Лечебная тактика у пострадавших с множественными переломами костей верхних конечностей

14 Апреля в 18:39 1071 0


В ряде исследований, анализирующих результаты лечения больных с политравмой, показано, что во время оказания помощи в условиях специализированных стационаров в первые часы после травмы нет острой необходимости в точной окончательной репозиции отломков. Достаточно устойчивой фиксации сегмента как одного из условий комплексного лечения травматического шока. Мы в определенной степени разделяем такую тактику, но при этом стремимся к такомувнешнему остеосинтезу, который позволял бы в ближайшие дни после травмы исключить патологическую подвижность и продолжить продольную и поперечную репозицию отломков. Для этого в метаэпифизарные зоны поврежденных костей вводили по два пучка из трех спиц с внутрикостным анкерным захватом, фиксировали в спицедержателях и последние соединяли двумя винтовыми опорами в режиме умеренного натяжения тканей сегмента. Это позволяет обеспечить прочно-эластическую фиксацию и не препятствует последующей поперечной репозиции.
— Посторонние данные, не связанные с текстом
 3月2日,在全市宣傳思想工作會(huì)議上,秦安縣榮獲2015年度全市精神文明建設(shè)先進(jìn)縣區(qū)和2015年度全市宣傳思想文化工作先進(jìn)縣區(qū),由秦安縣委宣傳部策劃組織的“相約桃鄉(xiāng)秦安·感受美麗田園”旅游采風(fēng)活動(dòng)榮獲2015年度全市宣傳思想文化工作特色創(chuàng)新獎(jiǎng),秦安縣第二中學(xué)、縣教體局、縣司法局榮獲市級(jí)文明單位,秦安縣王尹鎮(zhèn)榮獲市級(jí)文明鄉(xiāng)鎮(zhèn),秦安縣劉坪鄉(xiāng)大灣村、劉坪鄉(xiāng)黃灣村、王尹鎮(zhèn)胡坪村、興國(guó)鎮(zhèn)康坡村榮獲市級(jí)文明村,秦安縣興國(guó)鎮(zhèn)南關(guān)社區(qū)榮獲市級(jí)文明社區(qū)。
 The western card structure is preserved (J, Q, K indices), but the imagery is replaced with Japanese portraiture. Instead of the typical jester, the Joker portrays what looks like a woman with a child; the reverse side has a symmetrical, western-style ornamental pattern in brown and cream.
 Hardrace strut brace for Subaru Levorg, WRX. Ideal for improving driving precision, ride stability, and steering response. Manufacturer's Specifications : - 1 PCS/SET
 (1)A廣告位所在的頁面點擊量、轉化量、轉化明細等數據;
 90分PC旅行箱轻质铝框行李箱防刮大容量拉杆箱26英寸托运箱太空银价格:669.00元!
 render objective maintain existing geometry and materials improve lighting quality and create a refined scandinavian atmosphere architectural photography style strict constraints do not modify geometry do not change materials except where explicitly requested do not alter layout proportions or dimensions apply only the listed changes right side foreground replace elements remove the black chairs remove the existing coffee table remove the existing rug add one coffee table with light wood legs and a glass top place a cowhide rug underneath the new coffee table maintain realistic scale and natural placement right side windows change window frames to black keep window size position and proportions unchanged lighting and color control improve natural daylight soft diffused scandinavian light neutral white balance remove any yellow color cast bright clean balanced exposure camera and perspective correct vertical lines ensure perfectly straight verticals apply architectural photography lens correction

Репозицию проводили в двух проекциях упорными спицами или винтовыми стержнями в репонирующих замках, укрепленными на винтовых опорах аппарата выше и ниже перелома. Монолатеральная фиксация конечностей значительно улучшала общее состояние, позволяла перекладывать на каталку и делала более комфортным уход за постельными больными. После такого внешнего остеосинтеза в рентген-операционной под контролем ЭОПа становится возможным производить одностороннюю или встречно-боковую репозицию в любой лечебно оправданной плоскости. Мы сознательно не форсируем открытую репозицию, ограничивая показания к одномоментной репозиции и погружному металлоостеосинтезу с целью максимального сохранения кровоснабжения отломков в зоне перелома плечевой кости и костей предплечья. Этой же тактики мы придерживаемся при переломах тазового кольца, протрузионных переломах вертлужной впадины и чрезвертельно-подвертельных переломах бедра, когда оперативное лечение не показано из-за тяжести состояния пациента. Для этого применяем анкерно-спицевую фиксацию подвздошных костей и нижней трети бедра аппаратом «таз - бедро».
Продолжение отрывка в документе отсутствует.